Published October 21, 2015
The Bank of England is monitoring the Internet and social media to generate better data about the U.K.’s economic health.
The U.K.’s central bank has created a special taskforce to trawl new sources of data for economic indicators, Chief Economist Andy Haldane told Sky News. These include, for example, analyzing Internet job searches or prices online.
Traditionally, the bank has relied on more conventional methods of data gathering, such as surveys.
Haldane explained that, as well as key economic indicators, the web can help gauge sentiment about financial markets.
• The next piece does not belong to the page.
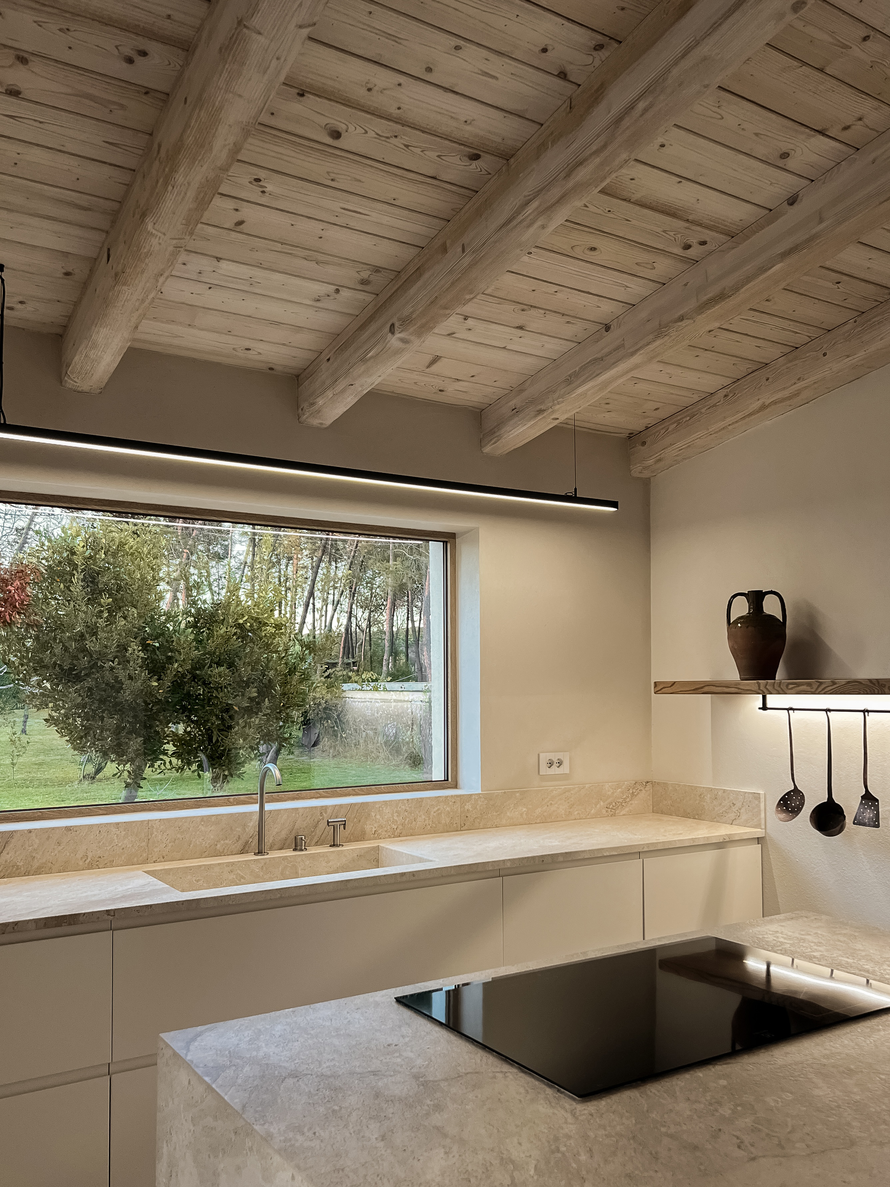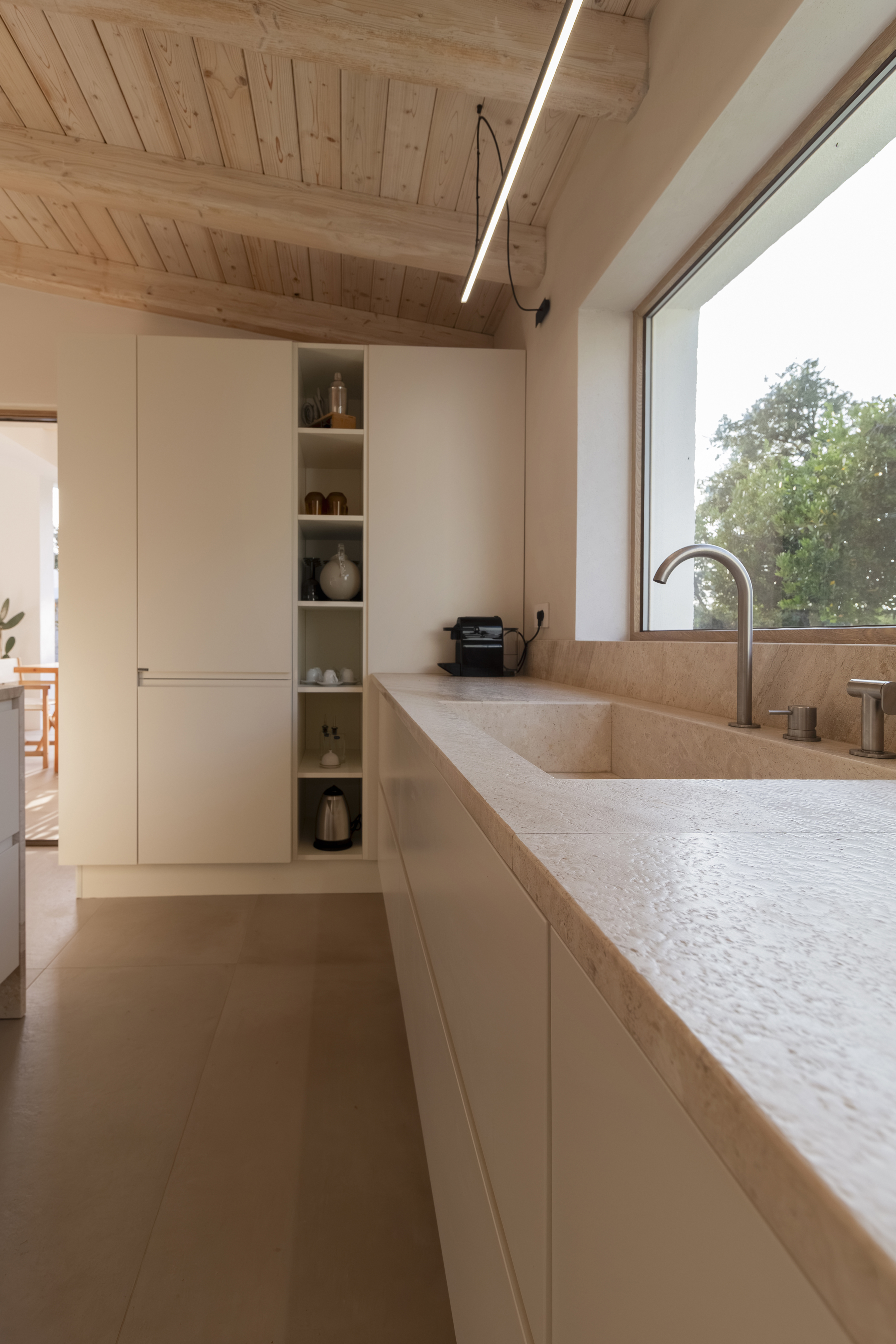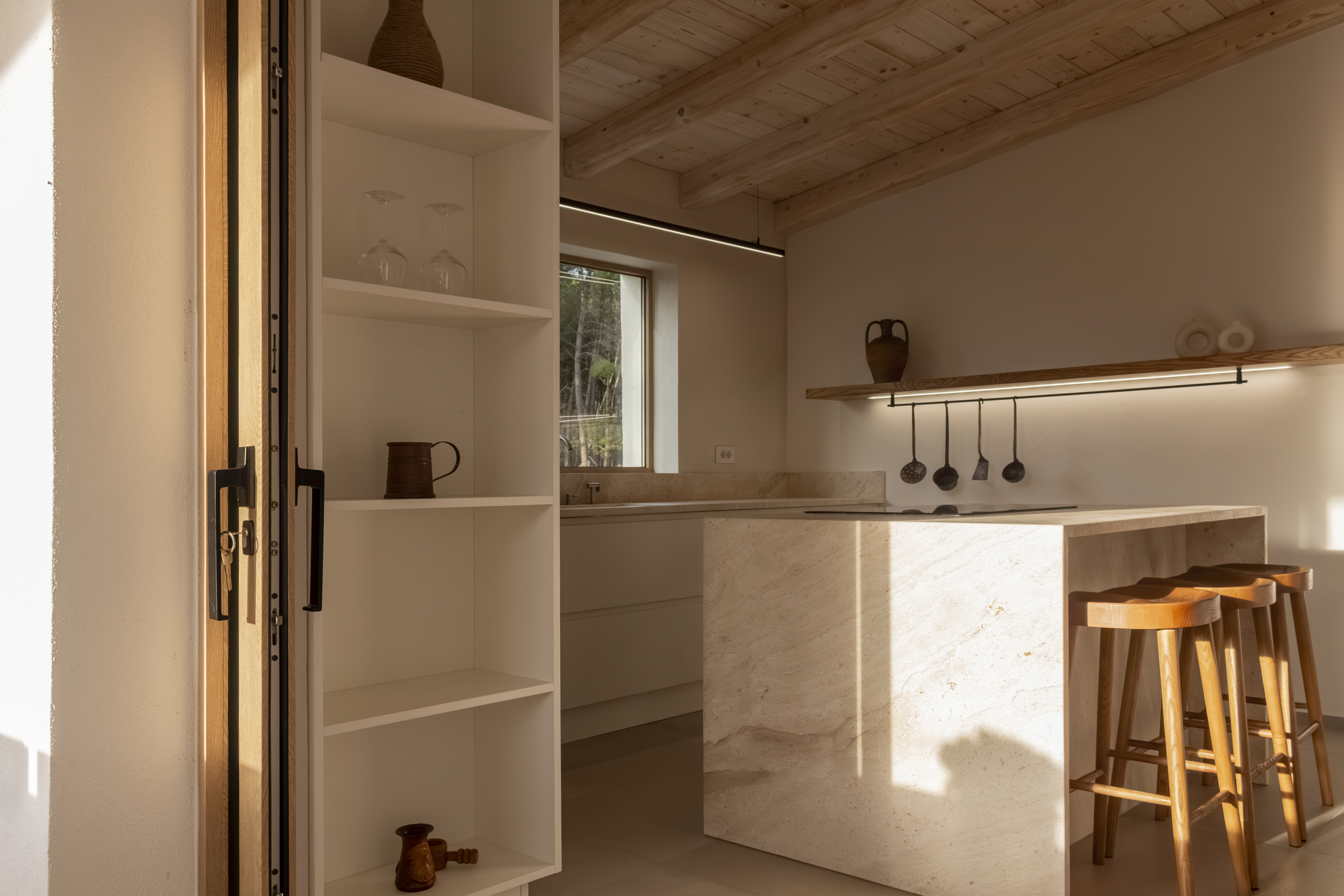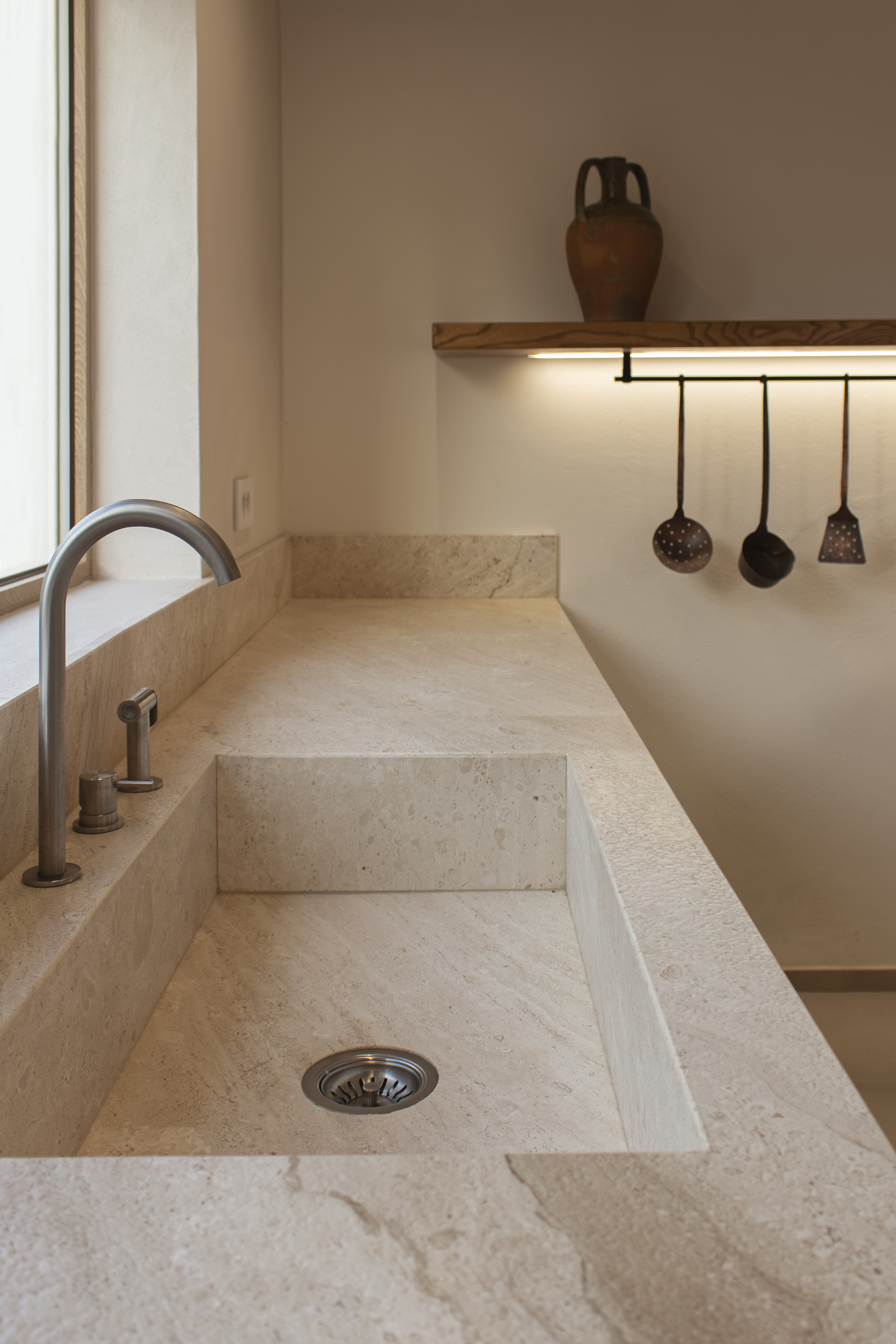 La cucina, fulcro della casa, si sviluppa attorno a un’ampia isola in marmo di Orosei, che richiama l’identità del territorio. L’equilibrio tra artigianato e design è mantenuto da alcuni elementi disegnati su misura, tra cui una mensola in legno massello, che funge da supporto per gli utensili da cucina della tradizione.
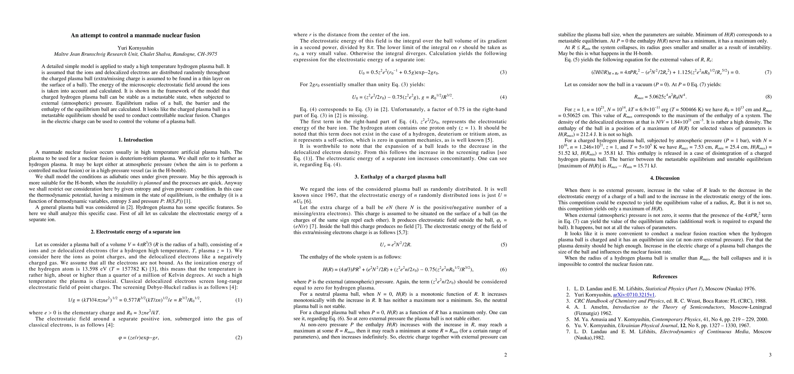 A detailed simple model is applied to study a high temperature hydrogen plasma ball. It is assumed that the ions and delocalized electrons are distributed randomly throughout the charged plasma ball (extra/missing charge is assumed to be found in a thin layer on the surface of a ball). The energy of the microscopic electrostatic field around the ions is taken into account and calculated. It is shown in the framework of the model that charged hydrogen plasma ball can be stable as a metastable state, when subjected to external (atmospheric) pressure. Equilibrium radius of a ball, the barrier and the enthalpy of the equilibrium ball are calculated. It looks like the charged plasma ball in a metastable equilibrium should be used to conduct controllable nuclear fusion. Changes in the electric charge can be used to control the volume of a plasma ball.

“Official statistics tend to be lagging and tend to be revised. And what the scraping of the web can do is give us a better today read on what’s going on,” he said. “It can give us a more timely understanding of whether the fortunes of the economy are turning up or turning down.”
The economist explained that the Bank is already using a huge ‘big data’ mortgage database on “borrowing by pretty much every individual in the U.K.”
“We have a new advanced analytics team who are constructing little models and algorithms and methods for extracting the essence from these data,” Haldane explained. “We have a data lab that is investing in the self same thing – this is quite a big strategic change for the Bank.”
The commercial sector has already harnessed big data technology capable of mining vast and varied quantities of information. IBM, for example, is touting the big data capabilities of its Watson supercomputer in industries such as healthcare.